As a longtime Florida resident, I've explored my award-winning vision of photography since 1979. My images combine traditional photography using 35mm cameras, cheap plastic 120 and 110 film cameras, digital cameras and scanners (scanography) with computer imaging in the digital era of fine art.
The use of a scanner for digital image capture is commonly referred to as scanography. The scanner becomes a digital camera from which I create my art using found objects such as leaves, fruit, paper, old portraits and other objects. These scanned elements are then composed and manipulated in Photoshop to create the final image.
My sense of color, texture and light pushes my photography and scanography beyond realism through the manipulation of these elements, changing their relationship and creating an altered reality more evocative of dreams or fading memories. These distinct moments gain importance through this visual exploration to create the final image, an image far removed from the original moment of capture.

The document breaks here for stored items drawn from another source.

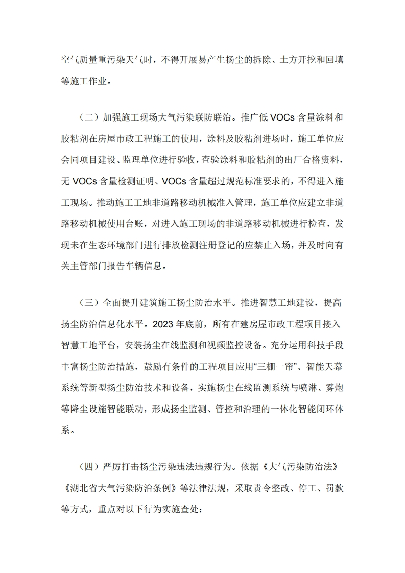 湖北省房屋市政工程大气污染防治工作方案为深入学习贯彻习近平生态文明思想,全面贯彻党的二十大精神和省十二次党代会精神,根据《湖北省大气污染防治“三大”标志性战役和“六大”攻坚提升行动计划》涉及建设工程领域的工作任务,特制定本方案。一、工作目标全面落实房屋市政工程领域大气污染防治措施,推进实施大气污染源头治理和扬尘污染综合治理攻坚提升,到2025年,全省房屋市政工程扬尘在线监测率达到100%,房屋市政工程领域全面推广使用低VOCs含量的涂料和胶粘剂,施工现场“防污、控污、减污、治污”水平显著提升,坚决贯彻党的二十大作出的“持续深入打好蓝天保卫战,基本消除重污染天气”重要战略部署。二、工作任务(一)落实建筑施工扬尘防治各项措施。强化建筑施工扬尘污染防治要求,严格落实扬尘污染防治“六化”措施,规范施工现场围挡、道路硬化、冲洗设施、裸土覆盖、渣土清运、土方开挖等施工管理。鼓励施工单位在道路、围墙等部位安装喷淋或喷雾装置。遇有4级以上风力或
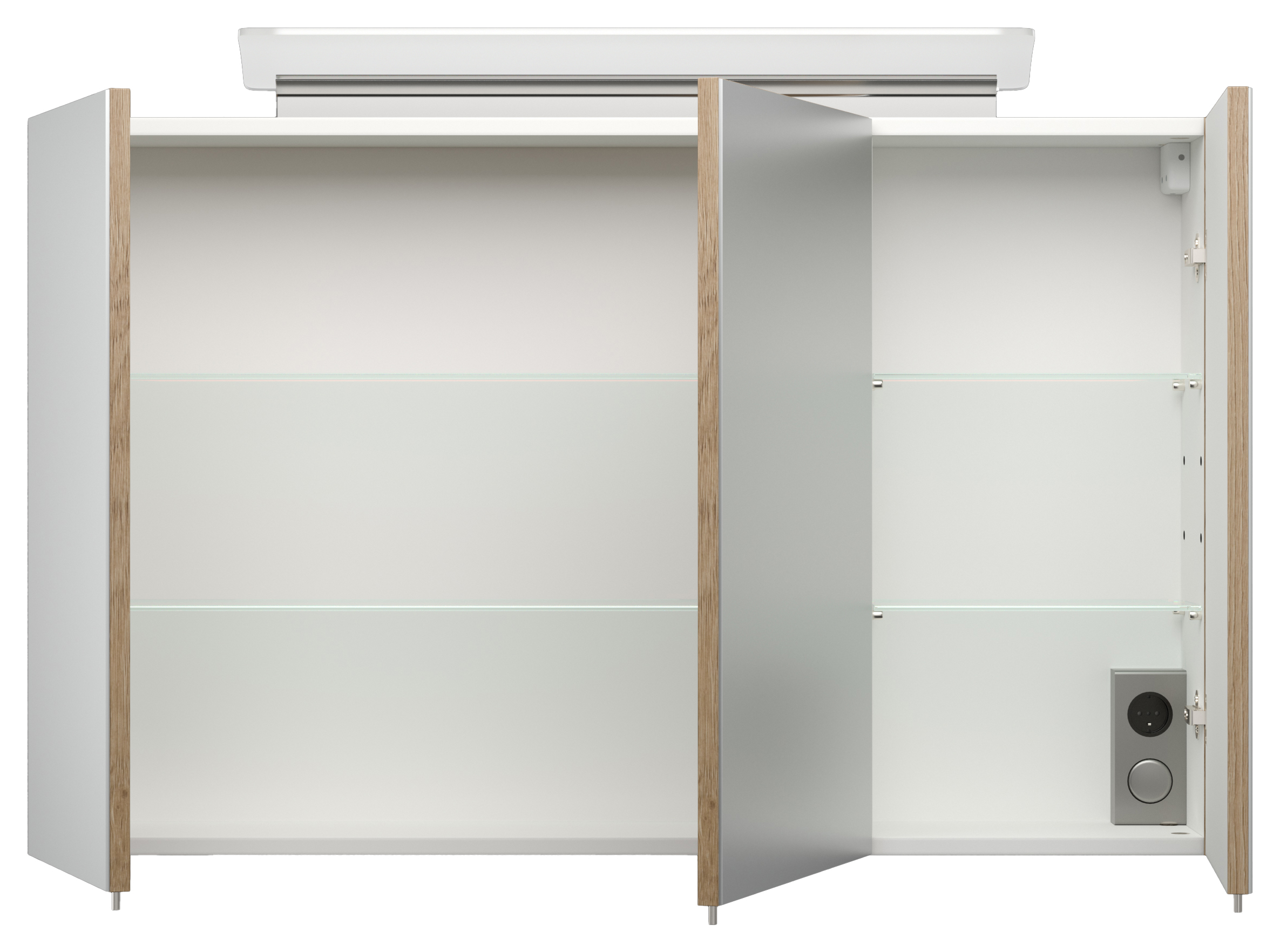 Spiegelschrank 100, inkl. Soft-Close-Türe/n mit Spiegel, 2 Regalböden aus Glas, Kombibox im Spiegelschrank mit Lichtschalter und Steckdose (B/H/T) 100/62/17 cm.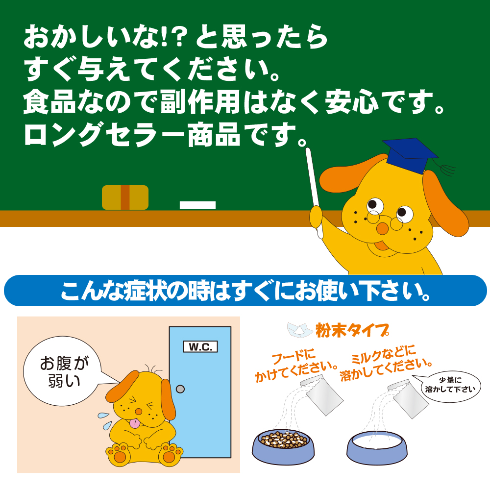 与え方 ※こういう時にお与えください ●ペットの糞が柔らかい、固すぎる時。 ●散歩中に草を食べるようになった時。 ●糞の回数が多くなった時。 少量の水やミルクに溶かして与えてください。 日頃から下記の半分の量を毎日与え続けることをオススメします。

Basic scanography technique info
I never cared for still life images or photo closeups of pretty flowers but I always liked botanical illustrations so I began to use scanography as a way of creating images that produced the stark simplicity of botanical illustrations in a somewhat surreal environment. The image manipulation and composition give the scanned objects an almost iconic status.
I began to experiment with scanography in 1998. I had a dedicated 35mm film scanner and Photoshop so I took small dried flowers and sandwiched them between sheets of acetate, put them in the film holder and scanned them. The process worked but was limited due to the small size constraints of the scanner. I started using a flatbed scanner a few years later and that has allowed me to use larger objects and experiment with different methods of scanning which produce different results.
I use an Epson Perfection 4990 Photo scanner. Some images are composed directly on the glass of the scanner. For other images I just scan objects with the intention of extracting them from one file and adding the object to a different scan. Materials that I have scanned include paper, bark, flowers, leafs, crushed cans, some liquids, very old photos and more. I always process the files in Photoshop to manipulate colors (I have a background in painting which influences my color decisions) and create the final composition and also add warmth since the scanner always produces the same cold unflattering light with every scan. I often do multiple scans of the same object and combine them in different ways in Photoshop.